Task requirements. What lines of the data include the string "Figura"? Copy them all.

Data under study.
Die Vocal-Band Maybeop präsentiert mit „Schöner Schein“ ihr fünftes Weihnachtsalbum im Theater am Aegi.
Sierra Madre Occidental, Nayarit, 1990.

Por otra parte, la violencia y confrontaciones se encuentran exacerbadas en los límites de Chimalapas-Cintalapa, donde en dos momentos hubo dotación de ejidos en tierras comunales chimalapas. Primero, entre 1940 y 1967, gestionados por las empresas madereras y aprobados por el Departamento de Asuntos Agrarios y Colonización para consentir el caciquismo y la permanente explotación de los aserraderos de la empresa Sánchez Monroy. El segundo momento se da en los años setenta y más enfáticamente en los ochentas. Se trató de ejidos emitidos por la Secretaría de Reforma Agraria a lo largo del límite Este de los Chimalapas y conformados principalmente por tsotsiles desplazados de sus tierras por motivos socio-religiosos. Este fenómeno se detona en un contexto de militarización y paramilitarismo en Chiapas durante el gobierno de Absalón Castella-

--

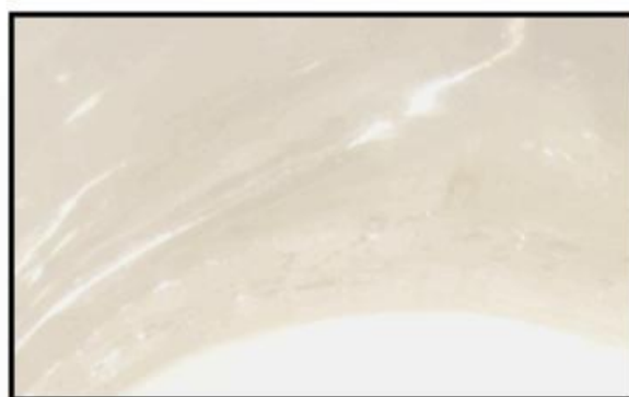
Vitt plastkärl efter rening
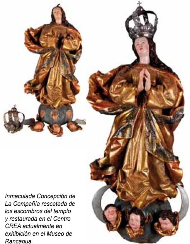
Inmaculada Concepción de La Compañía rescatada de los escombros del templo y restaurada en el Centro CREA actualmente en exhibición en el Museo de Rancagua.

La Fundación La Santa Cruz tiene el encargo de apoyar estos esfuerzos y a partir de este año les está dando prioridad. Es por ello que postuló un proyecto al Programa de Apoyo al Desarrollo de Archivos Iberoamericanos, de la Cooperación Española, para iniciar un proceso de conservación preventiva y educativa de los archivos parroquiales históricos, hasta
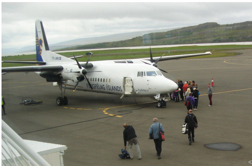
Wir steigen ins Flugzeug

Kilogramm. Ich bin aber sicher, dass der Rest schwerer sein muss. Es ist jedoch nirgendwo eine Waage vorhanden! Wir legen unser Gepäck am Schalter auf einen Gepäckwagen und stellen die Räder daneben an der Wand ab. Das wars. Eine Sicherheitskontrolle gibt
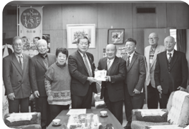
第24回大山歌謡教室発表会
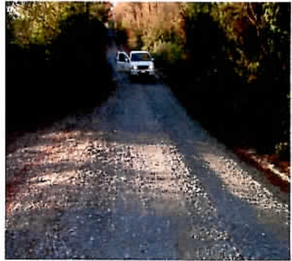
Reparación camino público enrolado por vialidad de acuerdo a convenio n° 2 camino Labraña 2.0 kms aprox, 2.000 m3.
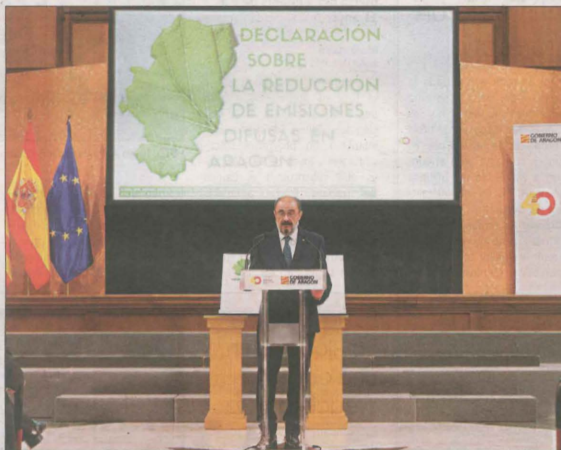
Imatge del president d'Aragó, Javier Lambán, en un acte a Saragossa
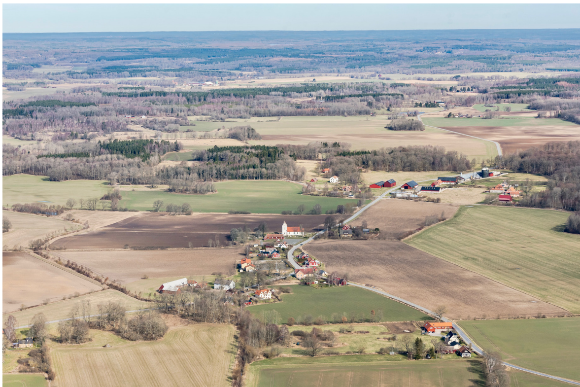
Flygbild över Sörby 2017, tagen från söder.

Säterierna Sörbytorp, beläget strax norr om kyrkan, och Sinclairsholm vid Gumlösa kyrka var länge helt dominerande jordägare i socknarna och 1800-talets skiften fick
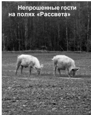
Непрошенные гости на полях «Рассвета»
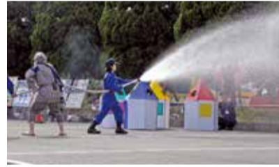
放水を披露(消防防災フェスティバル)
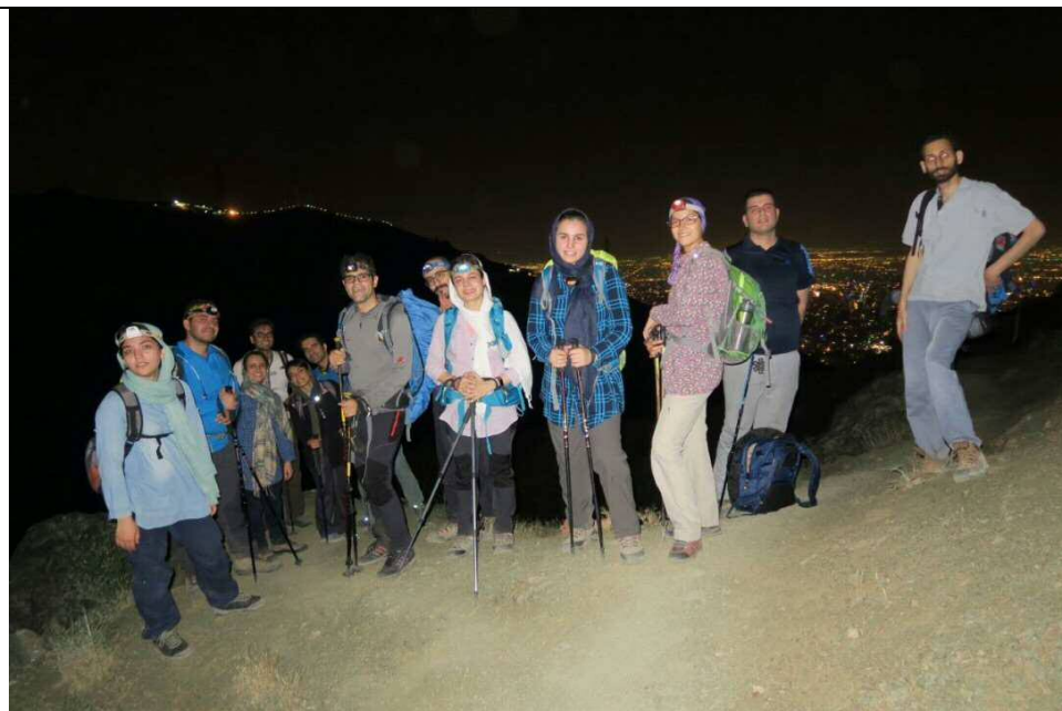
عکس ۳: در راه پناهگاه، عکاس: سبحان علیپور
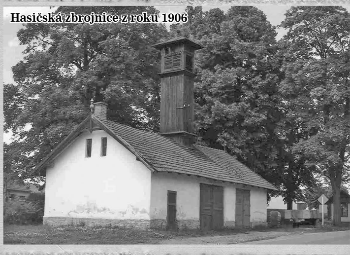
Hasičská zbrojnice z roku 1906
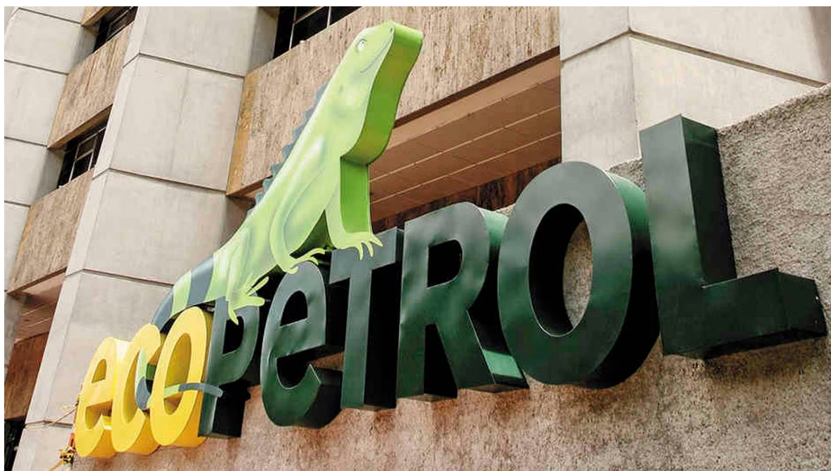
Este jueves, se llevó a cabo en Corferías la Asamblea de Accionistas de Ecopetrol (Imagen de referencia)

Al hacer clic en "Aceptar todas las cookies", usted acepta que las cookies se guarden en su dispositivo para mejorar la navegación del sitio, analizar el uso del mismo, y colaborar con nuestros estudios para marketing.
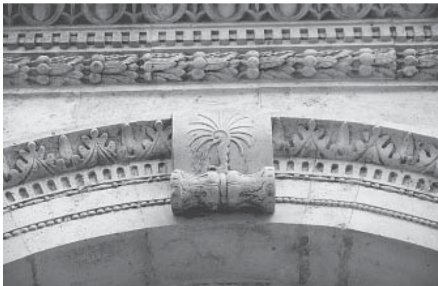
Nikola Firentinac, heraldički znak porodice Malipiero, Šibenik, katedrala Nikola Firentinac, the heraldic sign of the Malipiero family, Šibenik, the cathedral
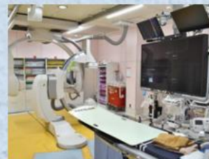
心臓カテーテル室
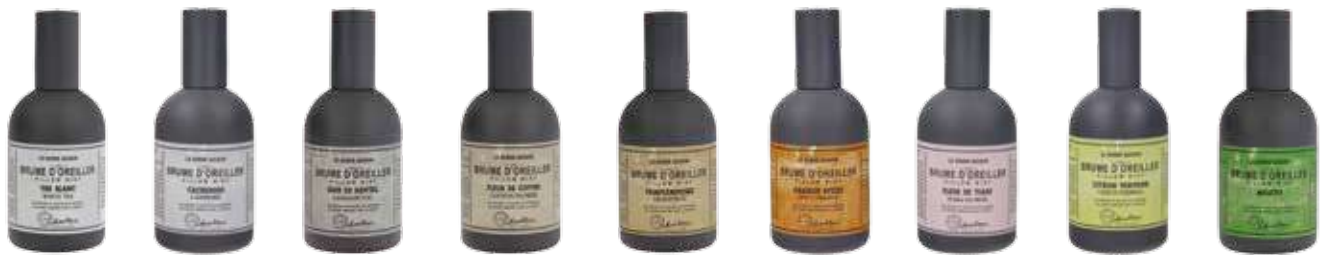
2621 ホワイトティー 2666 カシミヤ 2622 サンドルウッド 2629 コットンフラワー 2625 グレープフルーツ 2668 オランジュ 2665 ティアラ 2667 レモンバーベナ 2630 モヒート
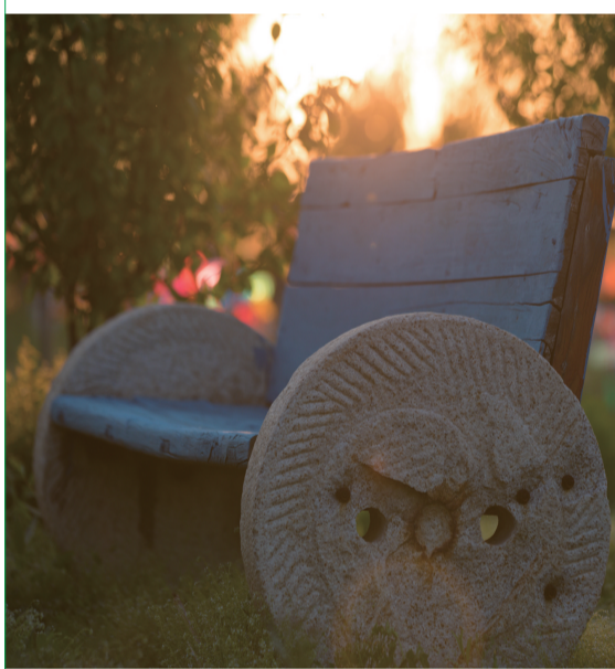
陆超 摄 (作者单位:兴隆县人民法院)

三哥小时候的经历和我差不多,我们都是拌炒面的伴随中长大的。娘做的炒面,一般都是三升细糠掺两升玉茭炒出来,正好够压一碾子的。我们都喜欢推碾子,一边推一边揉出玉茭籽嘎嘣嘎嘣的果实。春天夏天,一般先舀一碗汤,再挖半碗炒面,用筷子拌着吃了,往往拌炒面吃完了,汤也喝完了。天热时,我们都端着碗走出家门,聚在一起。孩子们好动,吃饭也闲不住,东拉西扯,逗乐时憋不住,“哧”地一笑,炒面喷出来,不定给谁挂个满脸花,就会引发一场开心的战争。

--

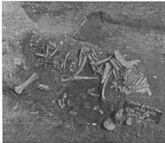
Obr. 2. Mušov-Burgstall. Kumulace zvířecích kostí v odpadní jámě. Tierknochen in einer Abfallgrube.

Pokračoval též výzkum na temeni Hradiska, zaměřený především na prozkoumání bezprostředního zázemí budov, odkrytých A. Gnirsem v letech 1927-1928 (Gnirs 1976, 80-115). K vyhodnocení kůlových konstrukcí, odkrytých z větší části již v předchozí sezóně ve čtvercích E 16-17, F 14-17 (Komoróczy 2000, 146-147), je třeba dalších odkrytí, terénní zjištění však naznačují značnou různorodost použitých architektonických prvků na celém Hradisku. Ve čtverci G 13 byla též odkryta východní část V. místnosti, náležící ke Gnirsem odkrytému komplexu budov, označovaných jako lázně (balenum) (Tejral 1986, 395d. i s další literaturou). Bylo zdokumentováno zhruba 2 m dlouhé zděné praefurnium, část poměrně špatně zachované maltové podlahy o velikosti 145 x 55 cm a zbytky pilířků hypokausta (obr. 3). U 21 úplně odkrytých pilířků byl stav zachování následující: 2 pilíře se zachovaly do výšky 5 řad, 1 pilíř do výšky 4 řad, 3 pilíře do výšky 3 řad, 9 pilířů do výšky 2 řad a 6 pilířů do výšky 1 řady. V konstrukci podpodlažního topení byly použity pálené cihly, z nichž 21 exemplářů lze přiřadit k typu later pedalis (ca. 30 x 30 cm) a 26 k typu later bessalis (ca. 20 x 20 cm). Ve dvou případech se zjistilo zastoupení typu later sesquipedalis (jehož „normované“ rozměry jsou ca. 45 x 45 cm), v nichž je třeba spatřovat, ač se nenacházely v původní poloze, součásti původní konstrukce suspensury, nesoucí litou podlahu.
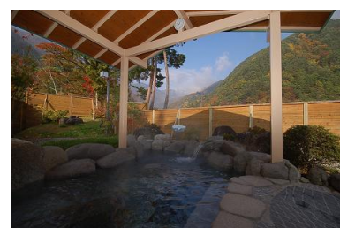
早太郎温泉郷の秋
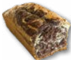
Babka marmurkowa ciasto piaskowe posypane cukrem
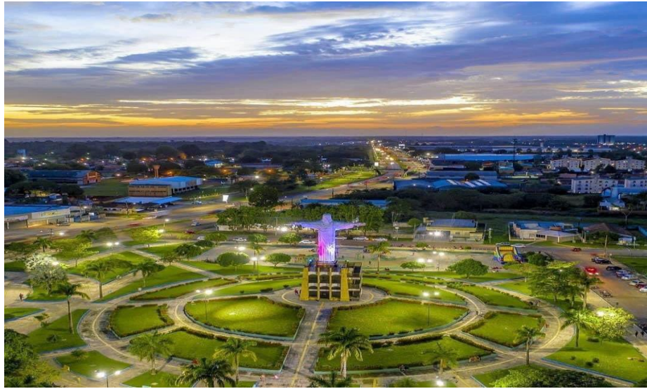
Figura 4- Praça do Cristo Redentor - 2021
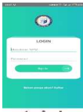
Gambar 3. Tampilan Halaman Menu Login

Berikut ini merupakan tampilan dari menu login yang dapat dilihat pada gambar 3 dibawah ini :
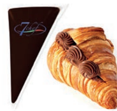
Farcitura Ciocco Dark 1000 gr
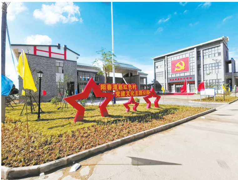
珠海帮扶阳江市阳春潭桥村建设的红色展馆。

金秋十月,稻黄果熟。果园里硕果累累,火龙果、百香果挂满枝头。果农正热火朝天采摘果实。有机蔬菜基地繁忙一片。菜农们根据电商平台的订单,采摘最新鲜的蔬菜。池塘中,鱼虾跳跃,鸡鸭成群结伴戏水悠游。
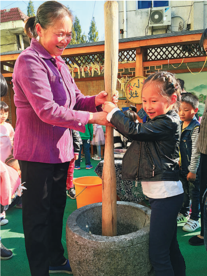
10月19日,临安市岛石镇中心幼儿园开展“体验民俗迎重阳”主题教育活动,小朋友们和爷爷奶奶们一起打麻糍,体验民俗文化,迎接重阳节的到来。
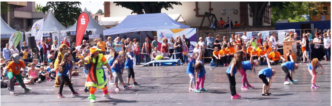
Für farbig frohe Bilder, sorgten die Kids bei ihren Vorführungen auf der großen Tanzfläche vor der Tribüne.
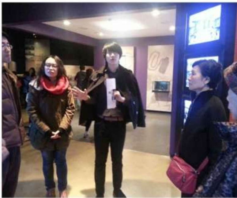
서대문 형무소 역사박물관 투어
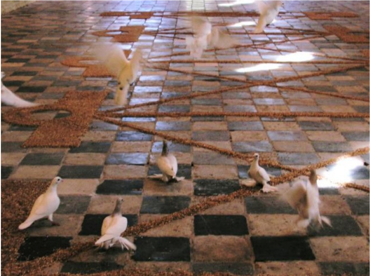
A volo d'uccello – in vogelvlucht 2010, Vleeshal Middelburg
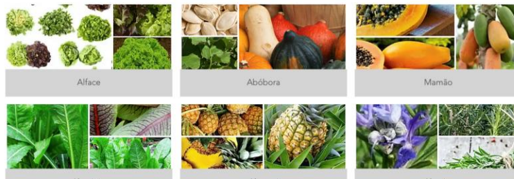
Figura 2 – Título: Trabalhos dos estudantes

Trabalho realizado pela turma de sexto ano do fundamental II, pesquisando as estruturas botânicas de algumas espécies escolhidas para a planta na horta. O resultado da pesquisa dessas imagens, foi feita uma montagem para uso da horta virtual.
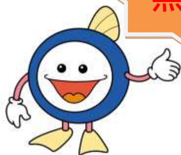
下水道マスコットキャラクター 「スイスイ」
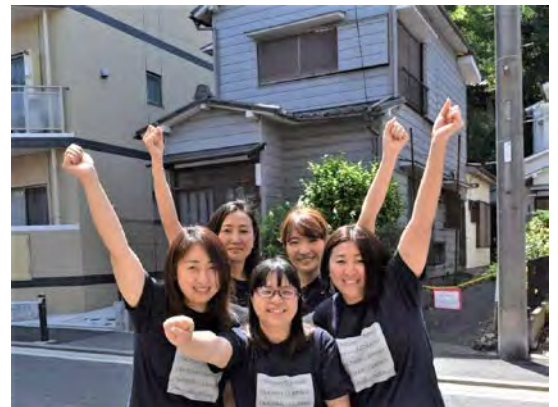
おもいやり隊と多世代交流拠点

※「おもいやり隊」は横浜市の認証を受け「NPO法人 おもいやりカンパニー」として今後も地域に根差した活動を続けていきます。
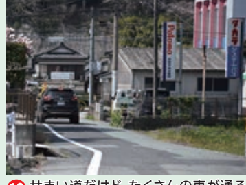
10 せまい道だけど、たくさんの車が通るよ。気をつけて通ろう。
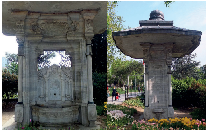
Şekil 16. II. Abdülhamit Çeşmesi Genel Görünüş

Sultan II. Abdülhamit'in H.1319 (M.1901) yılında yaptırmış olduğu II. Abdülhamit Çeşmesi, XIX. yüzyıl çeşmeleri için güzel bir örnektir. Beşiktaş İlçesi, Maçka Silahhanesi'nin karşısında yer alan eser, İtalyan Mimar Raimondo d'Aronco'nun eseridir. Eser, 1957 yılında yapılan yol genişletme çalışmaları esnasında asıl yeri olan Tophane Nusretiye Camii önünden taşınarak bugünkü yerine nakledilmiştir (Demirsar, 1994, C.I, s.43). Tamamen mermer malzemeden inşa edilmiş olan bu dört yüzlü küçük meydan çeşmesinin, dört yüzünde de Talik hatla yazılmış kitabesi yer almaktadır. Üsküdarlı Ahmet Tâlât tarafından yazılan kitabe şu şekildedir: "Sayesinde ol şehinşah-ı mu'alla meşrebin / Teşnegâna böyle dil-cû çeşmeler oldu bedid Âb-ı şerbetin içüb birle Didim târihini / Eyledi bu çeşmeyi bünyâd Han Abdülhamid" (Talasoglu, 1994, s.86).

Answer for this exercise.
Figura 4- Praça do Cristo Redentor - 2021
Figura 2 – Título: Trabalhos dos estudantes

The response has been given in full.